The book, already ready for a second print run, replicates this seminal show and makes it more accessible to people beyond a gallery space. Gupta isn’t an artist whose works are seen in India often. “It could’ve something to do with the scale and the infrastructure required,” the artist tells me. Her kind of large-scale multi-media works don’t have enough collectors in India and because of the nature of her socio-political messaging, may not even be as appreciated as they are in Europe. “I am constantly trying to keep myself and my art alive. So each work requires me to learn new crafts, new processes,” she says.
Gupta has three forthcoming solos through 2023 and 2024 — in Singapore, Spain and New York. “I have no idea when I will have my next solo in India,” she says. This year, the London-based Phaidon Books, a 100-year-old publishing house known for its distinguished roster of art book, published a monograph on Gupta, There Is No Border by Alexandra Munroe, Nav Haq, and Elvira Dyangani Ose.

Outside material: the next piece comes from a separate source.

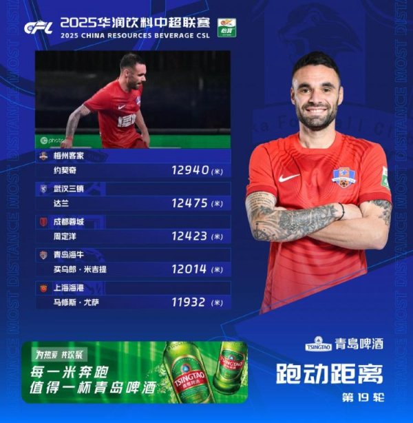 直播吧8月4日讯 中超联赛第19轮升天后,官方公布了本轮的跑动距离榜。排在本轮跑动榜榜首的是梅州客家外助约契奇,他的跑动距离达到12940米,这亦然他贯穿两轮在跑动榜登顶榜首。 本轮排在跑动榜第2位的是武汉三镇外助达兰,第3位的是此前频繁“霸榜”的周定洋。除了以上3东谈主,青岛海牛的买乌郎本轮跑动距离雷同跳跃了1.2万米,而排在第5位的则是上海海港外助茹萨。......查看更多
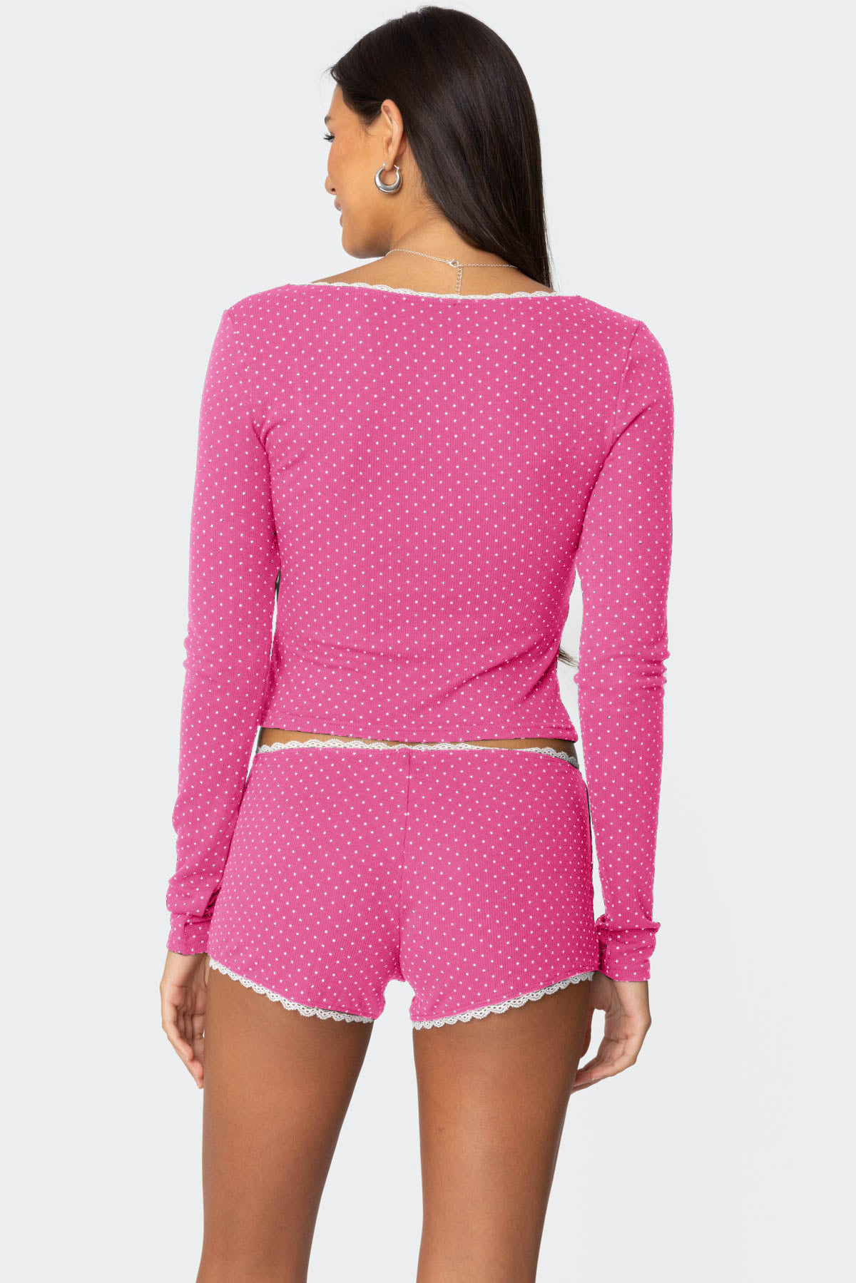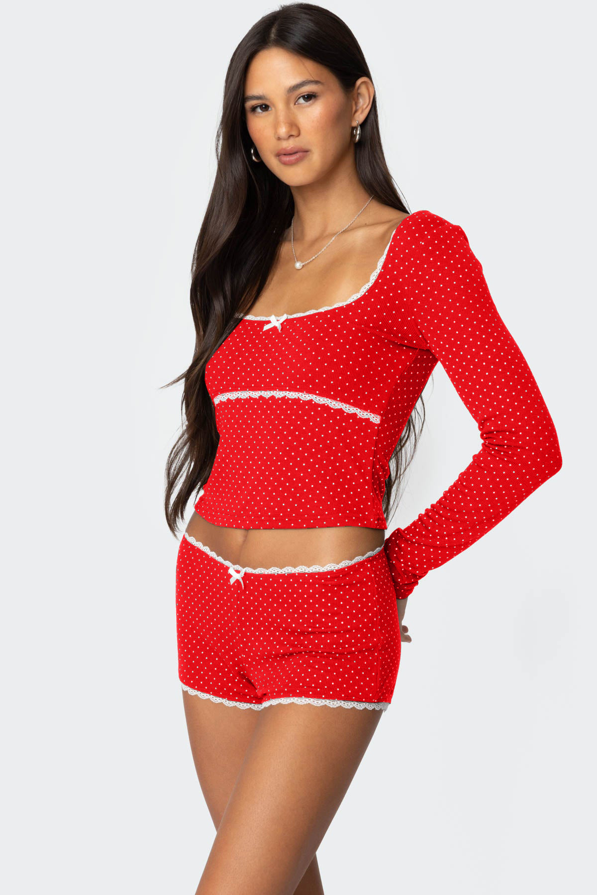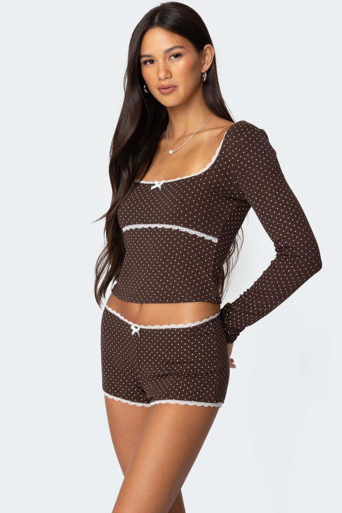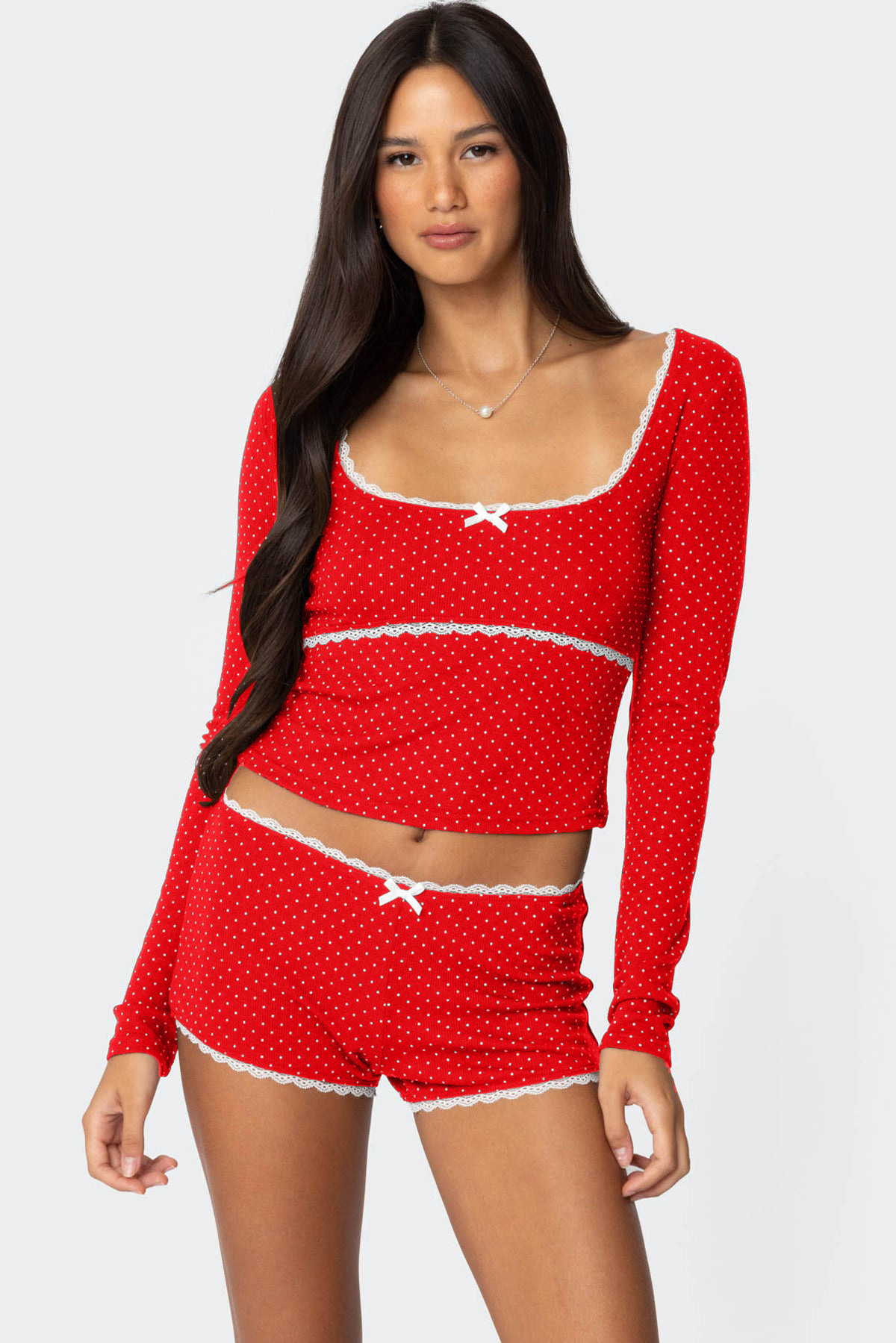 Европейский и американский кросс-зеркальный набор с волновой точкой печати новый подтяжка топ с бантом кружево сшивание сексуальные шорты набор из двух частей

The monograph on Shilpa Gupta by Phaidon Books
The National Gallery of Singapore has commissioned a site-specific installation by her (June 3-December 1), in which two large inflatable bodies are seen interlocked in a combative position. Upon going around the work, one realises that they are perched on a single head — pointing to the social struggles and dualities we experience within ourselves and our surroundings and responding to a space surrounded by signposts of a large metropolis with dissonant realities.
At the Amant gallery in Brooklyn, New York, her solo will run from October 5 to April 2, 2024; at the Tanya Bonakdar Gallery, New York, another solo will open on 27 October. She is also working on a solo for the Centro Botin Gallery in Santander, Spain (15 March-24 September 2024).
Almost all of Gupta’s works have the quality of mediation — through words, technology, sound — which possibly makes her a natural fit for an art world in which AI can heighten an art experience or, at least, change the way artists can make art. “It’s a storm we can’t stop, can we? I believe it will tell us something about ourselves that we don’t know,” Gupta says, with hope and eagerness. In 2007, when I had met her for an interview, she’d told me, “The Web is an extension of my daily reality, and no other medium can be more potent.”
Shilpa Gupta's Blessed-bandwidth.net.
She went on to revolutionise how the internet can be used in art, including a radical series, Blessed-Bandwidth.net commissioned by Tate Modern, London, in which she playfully lured her audience to download blessings and wishes from a Web interface created by her.